So I've been having issues with low moods and depression for several years now (since I was in my ealry teens) but it has got considerably worse over the past few months.
It started as a low mood as usual. I realised all I wanted to do was have a few days to myself to sort myself out. In that few days I lost a couple of friends because I had my phone switched off most the time (I told people I was going to have my phone switched off so I could sort stuff out). And becuase those couple of friends were suffering from various levels of low moods. They said I was being selfish as I wasn't looking after their needs. I lost my temper with them and told them I would be putting myself first as I was in no state to help them and told them that they were being stupid for not being willing to help themselves and that they were the ones being selfish as they were expecting me to put them first.

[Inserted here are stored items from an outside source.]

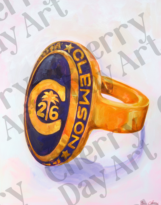Commemorate one of your proudest accomplishments with this 2026 Clemson ring print. It also makes a great gift for your newest ring recipient or graduate!
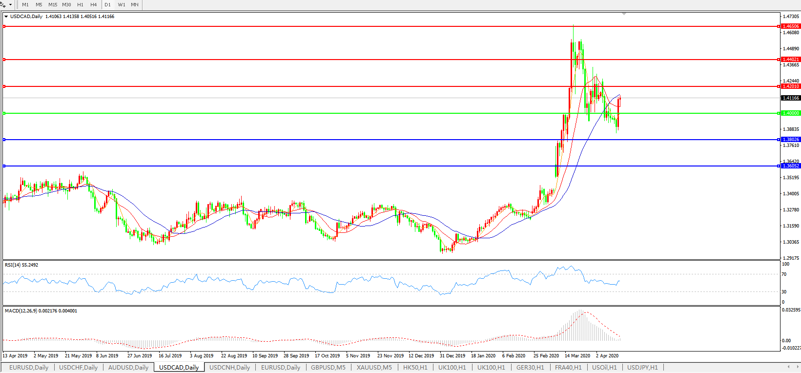 交易策略: 在1.4000之上,看涨,目标价位为1.4200、1.4400
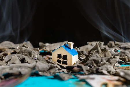 Miniature toy house stand on burnt money Euro bill banknotes.close up.Blurred long exposure background and foreground.Indoors shot.

I thought it would make me feel better because they both spoke to me for a bit afterwards and even spoke to councellors. But after a couple of days one went back to saying I was selfish for trying to look after myself first.

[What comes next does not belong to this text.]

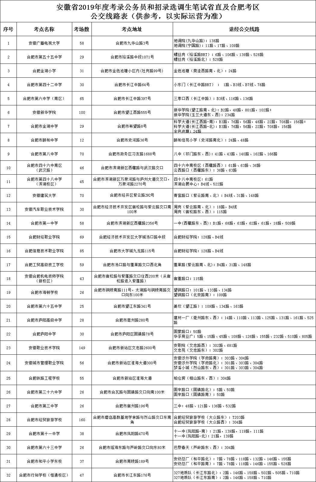 點(diǎn)擊下載:省直及合肥考區(qū)公交線(xiàn)路表
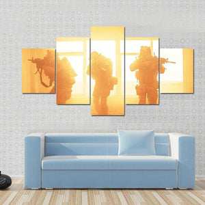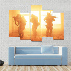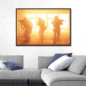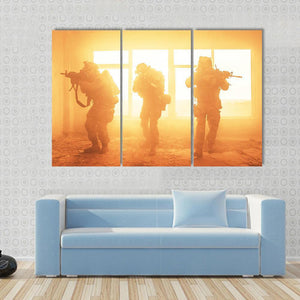 This canvas wall art features three soldiers in tactical gear, guns drawn and ready for action. With its intense and dramatic portrayal using a palette of orange, yellow, and brown, it captures the spirit of military courage and teamwork.

All I felt was guilt. It lowered my mood even more and although I didn't want to be around people I made sure I wasn't by myself for more than about 20 minutes through fear that I would allow myself to do soemthing stupid as that's where my thoughts were going.
It's started affecting my family now (I live with my mum and my sister). They've noticed the change in my mood and although they are doing their best to cheer me up nothing seems to be working.
I have participated in a support group and while that helped for a bit I have reached the point where my first thought in the morning is "What's the point?"
I know that everyday I'm going to get messages and calls from one of my friends saying how depressed they are and telling me to sort out how they feel. I have told them that I can't sort it out for them and that them constantly going on about how suicidal they are and how they are self harming a lot isn't helping me but they don't pay attention. I went as far as to ignore all their calls and messages but whenever I do they just turn up at the door.
I know that every day when I get up I am going to spend the rest of the day around one person or another (my mum only has a 2 bedroom flat and I am currently sleeping on the sofa) because there is nowhere I can go to get my own space. And I'm not even sure if that is a good idea.
I just feel like I'm nothing but a nuisance to my family and nothing but a mental crutch to a friend.
I know I am just being a burden to people and I just don't know what to do about it.
I have the Samaritans number on my phone for the days I get particularly low.